------ Extracted entries

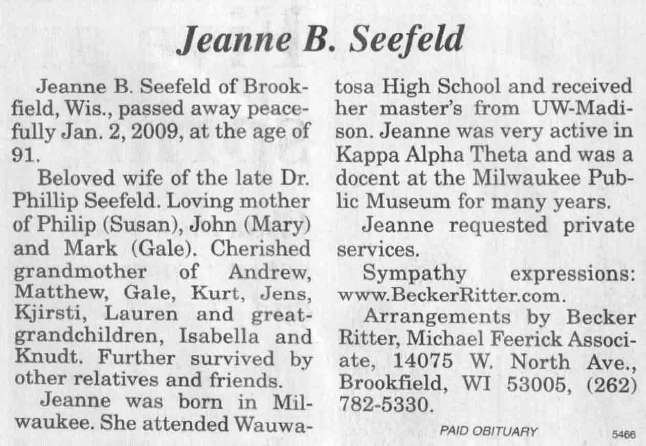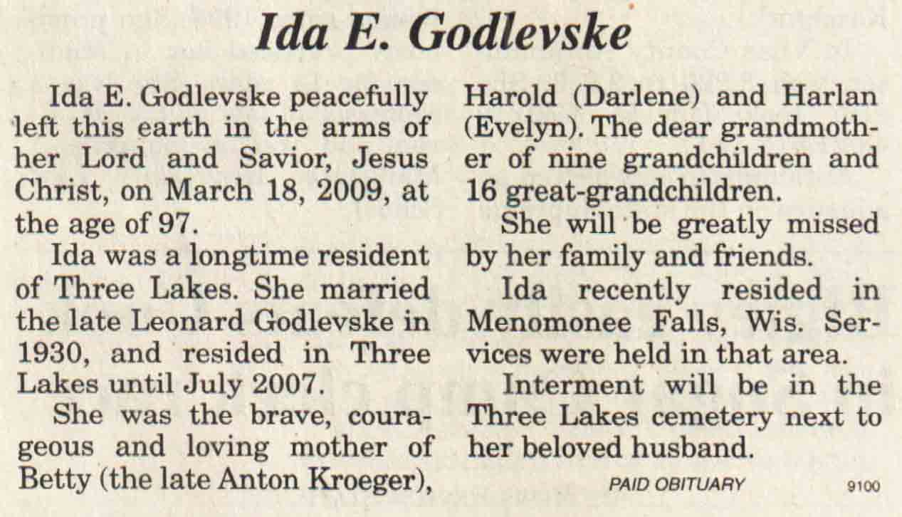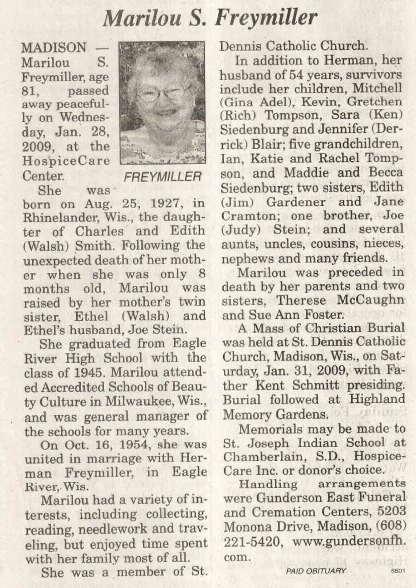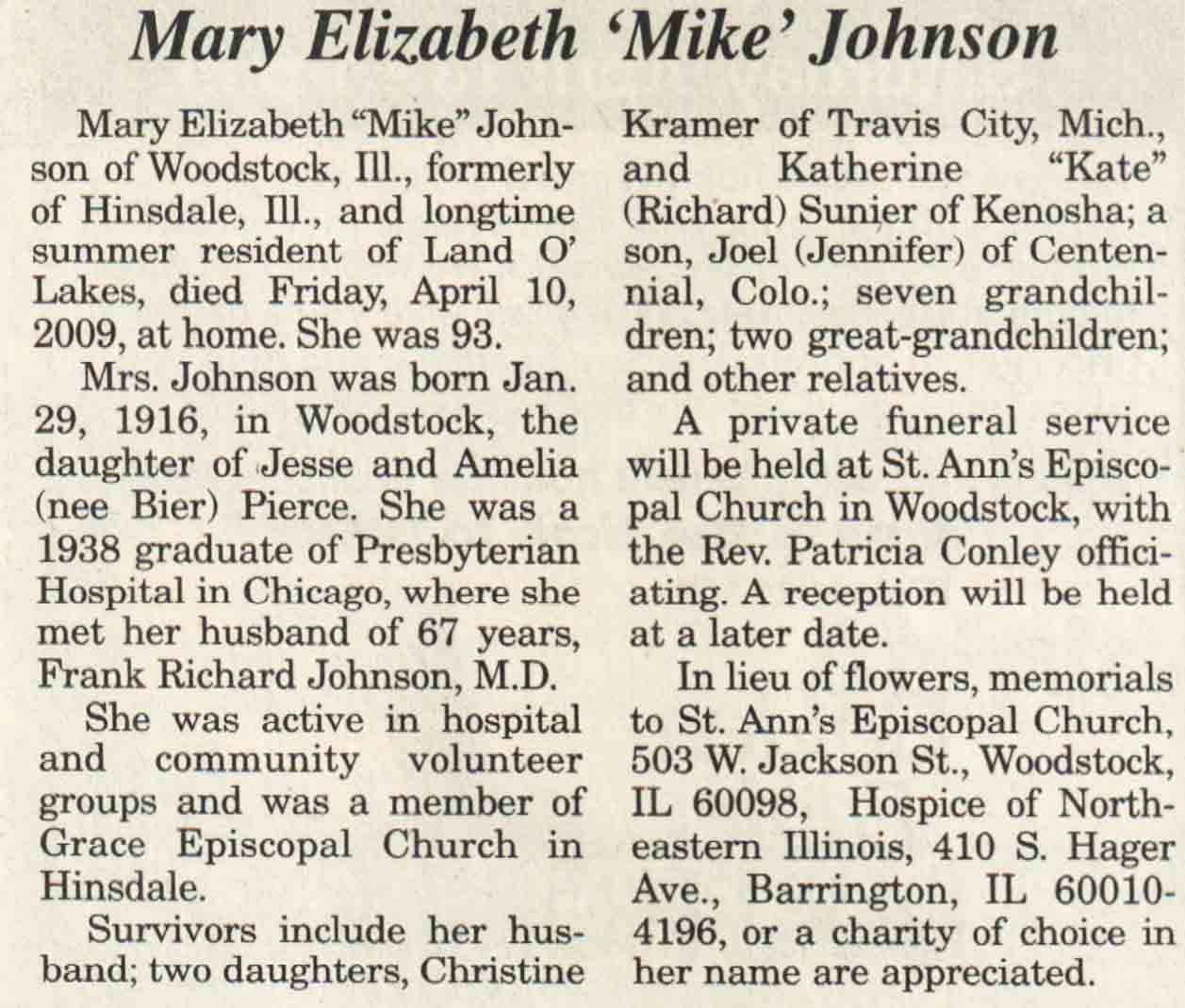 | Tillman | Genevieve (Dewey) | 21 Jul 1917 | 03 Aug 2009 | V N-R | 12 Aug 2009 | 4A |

------------
------ Extracted entries

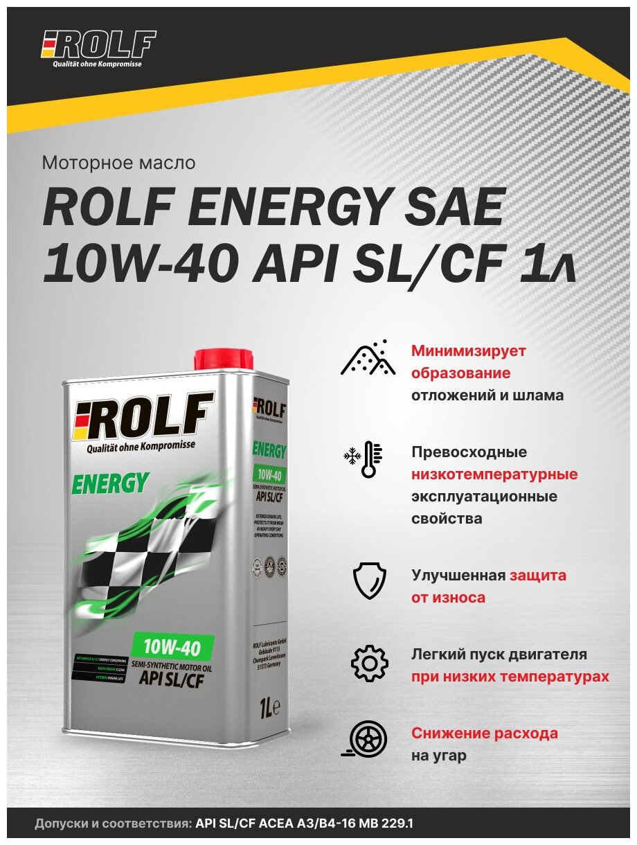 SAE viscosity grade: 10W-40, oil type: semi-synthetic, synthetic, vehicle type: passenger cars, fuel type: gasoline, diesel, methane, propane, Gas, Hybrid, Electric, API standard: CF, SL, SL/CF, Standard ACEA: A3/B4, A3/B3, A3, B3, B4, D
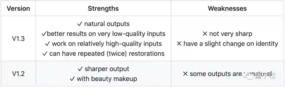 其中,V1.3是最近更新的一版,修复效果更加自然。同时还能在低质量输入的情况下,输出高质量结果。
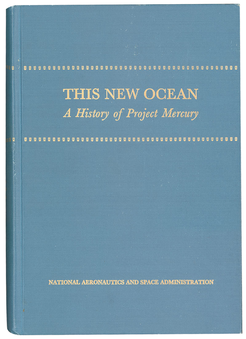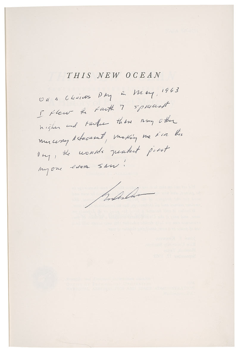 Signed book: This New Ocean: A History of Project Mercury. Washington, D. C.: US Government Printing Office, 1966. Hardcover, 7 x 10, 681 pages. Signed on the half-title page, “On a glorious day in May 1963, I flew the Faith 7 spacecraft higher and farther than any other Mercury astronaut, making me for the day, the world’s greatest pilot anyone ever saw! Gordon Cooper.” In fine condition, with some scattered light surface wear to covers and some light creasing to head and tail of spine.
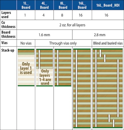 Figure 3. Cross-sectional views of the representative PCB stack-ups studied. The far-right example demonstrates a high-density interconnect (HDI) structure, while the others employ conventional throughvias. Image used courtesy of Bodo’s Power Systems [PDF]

------------

» **Task details**
Out of the records above, please copy exactly the lines from the line with "SAE viscosity grade: 10W-40, oil" up to and including the line with "其中,V1.3是最近更新的一", minus the pictures.

» **Exercise response**
 SAE viscosity grade: 10W-40, oil type: semi-synthetic, synthetic, vehicle type: passenger cars, fuel type: gasoline, diesel, methane, propane, Gas, Hybrid, Electric, API standard: CF, SL, SL/CF, Standard ACEA: A3/B4, A3/B3, A3, B3, B4, D
 其中,V1.3是最近更新的一版,修复效果更加自然。同时还能在低质量输入的情况下,输出高质量结果。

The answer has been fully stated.